■ TASK DESCRIPTION
Reproduce each entry exactly as it reads. Leave the images out.

■ Source records
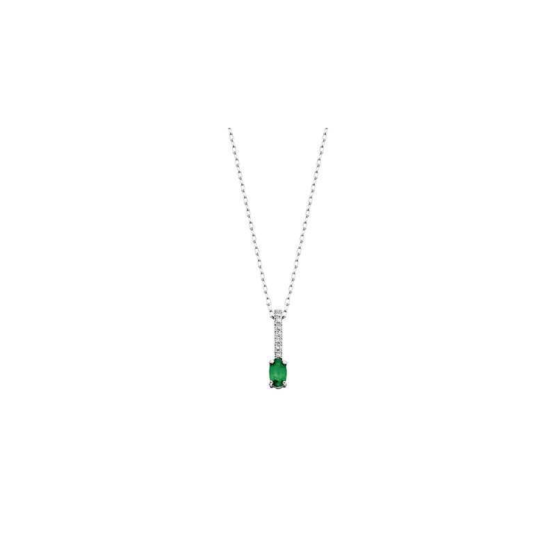 Fashioned in 10K white gold, an oval emerald hangs from a .04tdw pave diamond bail, celebrating the powerful nature of the emerald gemstone.
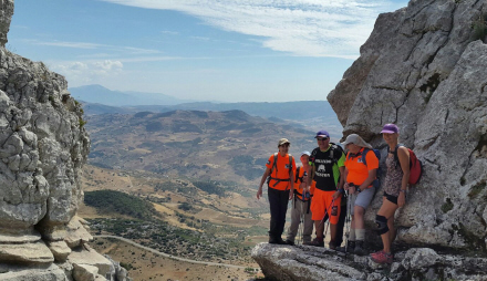 Artiklens forfatter (th) med vandregruppe på El Torcal
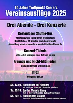 unser Verein wird 10 Jahre alt - und das feiern wir mit einer ganz besonderen Konzertreise: Drei großartige Konzertabende, zu denen wir euch mit unserem kostenlosen Shuttle-Bus bringen!
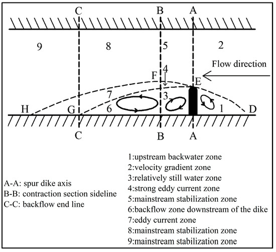 The distribution of the flow patterns near the spur dike was relatively complex. According to previous studies and combined with the observed experimental flow field, the flow field near the spur dike was divided into zones, as shown in Figure 14 [26], and the flow structure of each zone was analyzed.
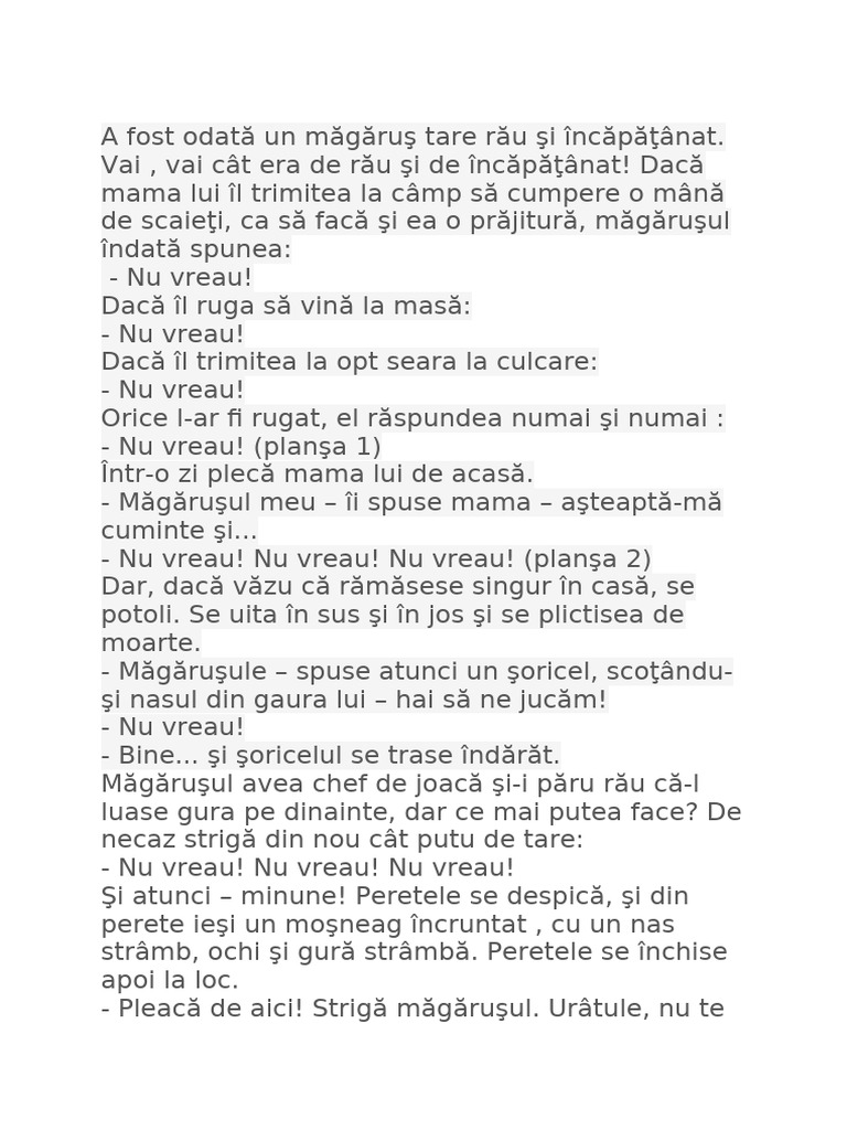 - Nu vreau! Strigă însă şi patul, aşa că măgăruşul
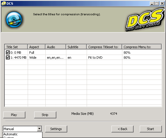Step 3 (a/b) - Now you can select the "Audio" and "Subtitle" on how to compress the Titleset on your DVD. By Default the "Automatic" is on (a), select the "Manual" to be able to change options. Then click on the "Title Set" you want to change, when done click on "OK" and then press "Start" to begin.![]() ![]() |
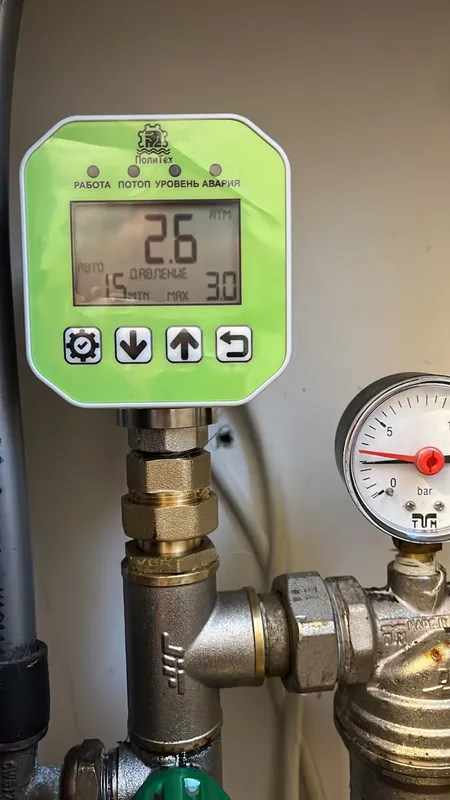 3 Реле давления ПОЛИТЕХ, в нём уже есть и реле времени и возможность подключение датчика протечки и прочие штуки.
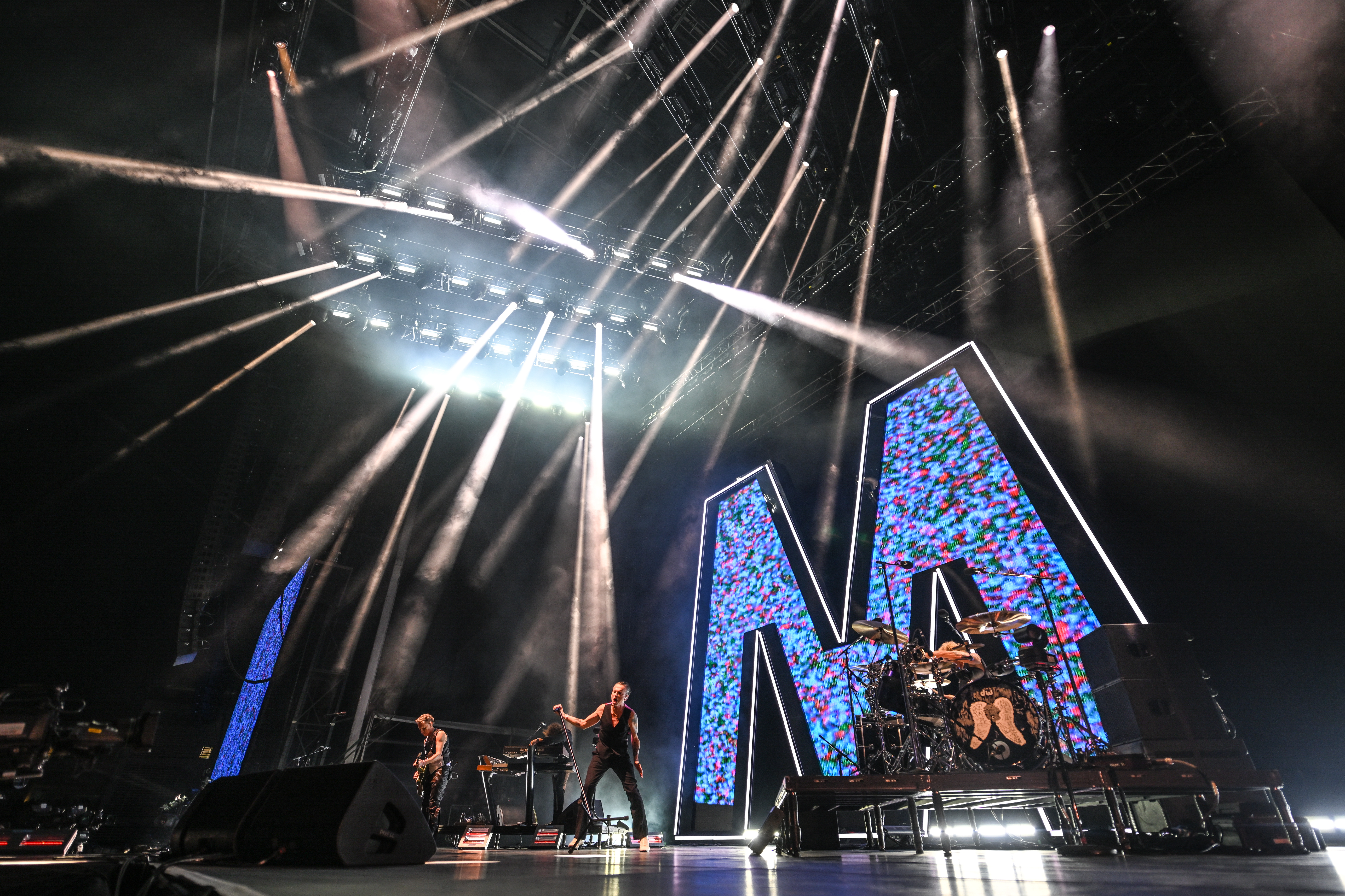 All dies schmälert jedoch nicht die Wirkung des Films. Die Gänsehautmomente sind trotzdem da: die berührende Hommage an Andy Fletcher während „World In My Eyes“; Dave Gahan, der wie eine Energiebombe pirouettiert und posiert, als würde selbst sein Pilates-Trainer applaudieren; und Martin Gore, der mit schelmischem Halbgrinsen das Leitmotiv von „Everything Counts“ einfingerig eintippt, wohlwissend, dass diese einfache Melodie das Publikum seit vierzig Jahren elektrisiert. „Speak To Me“ trifft weiterhin mitten ins Herz, „Wrong“ ballt vor ohnmächtiger Wut die Fäuste, und während „Stripped“ beobachten wir mit blasierter Miene den Wald aus Mobiltelefonen, während Dave singt: „Let me hear you make decisions / Without your television…“ – und das Publikum den Hinweis natürlich überhört. Dafür umso mehr beim Armschwenken zu „Never Let Me Down Again“, seit über fünfunddreißig Jahren Pflichtprogramm.
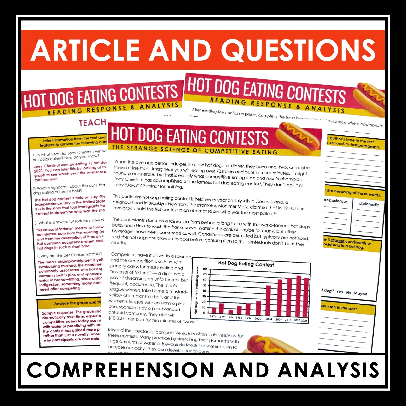 Nonfiction Reading Comprehension Article and Activities - Hot Dog Competitions
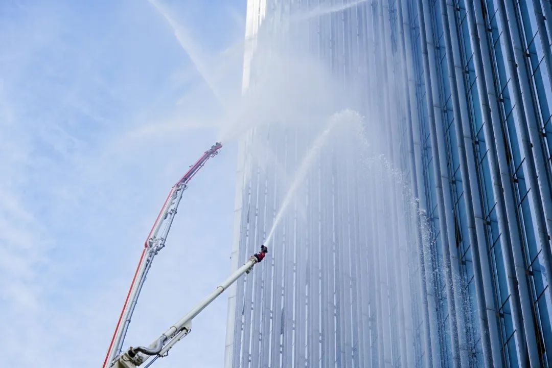 上午10时,高层建筑灭火救援实战演练在武昌区福莱中心正式拉开序幕。灭火演练模拟大楼12层发生火灾,有人员被困。接到“报警”后,区消防救援大队迅速出动6车30人赶赴现场。

■ COMPLETED EXERCISE
 Fashioned in 10K white gold, an oval emerald hangs from a .04tdw pave diamond bail, celebrating the powerful nature of the emerald gemstone.
 Artiklens forfatter (th) med vandregruppe på El Torcal
 unser Verein wird 10 Jahre alt - und das feiern wir mit einer ganz besonderen Konzertreise: Drei großartige Konzertabende, zu denen wir euch mit unserem kostenlosen Shuttle-Bus bringen!
 The distribution of the flow patterns near the spur dike was relatively complex. According to previous studies and combined with the observed experimental flow field, the flow field near the spur dike was divided into zones, as shown in Figure 14 [26], and the flow structure of each zone was analyzed.
 - Nu vreau! Strigă însă şi patul, aşa că măgăruşul
Step 3 (a/b) - Now you can select the "Audio" and "Subtitle" on how to compress the Titleset on your DVD. By Default the "Automatic" is on (a), select the "Manual" to be able to change options. Then click on the "Title Set" you want to change, when done click on "OK" and then press "Start" to begin.![]() ![]() |
 3 Реле давления ПОЛИТЕХ, в нём уже есть и реле времени и возможность подключение датчика протечки и прочие штуки.
 All dies schmälert jedoch nicht die Wirkung des Films. Die Gänsehautmomente sind trotzdem da: die berührende Hommage an Andy Fletcher während „World In My Eyes“; Dave Gahan, der wie eine Energiebombe pirouettiert und posiert, als würde selbst sein Pilates-Trainer applaudieren; und Martin Gore, der mit schelmischem Halbgrinsen das Leitmotiv von „Everything Counts“ einfingerig eintippt, wohlwissend, dass diese einfache Melodie das Publikum seit vierzig Jahren elektrisiert. „Speak To Me“ trifft weiterhin mitten ins Herz, „Wrong“ ballt vor ohnmächtiger Wut die Fäuste, und während „Stripped“ beobachten wir mit blasierter Miene den Wald aus Mobiltelefonen, während Dave singt: „Let me hear you make decisions / Without your television…“ – und das Publikum den Hinweis natürlich überhört. Dafür umso mehr beim Armschwenken zu „Never Let Me Down Again“, seit über fünfunddreißig Jahren Pflichtprogramm.
 Nonfiction Reading Comprehension Article and Activities - Hot Dog Competitions
 上午10时,高层建筑灭火救援实战演练在武昌区福莱中心正式拉开序幕。灭火演练模拟大楼12层发生火灾,有人员被困。接到“报警”后,区消防救援大队迅速出动6车30人赶赴现场。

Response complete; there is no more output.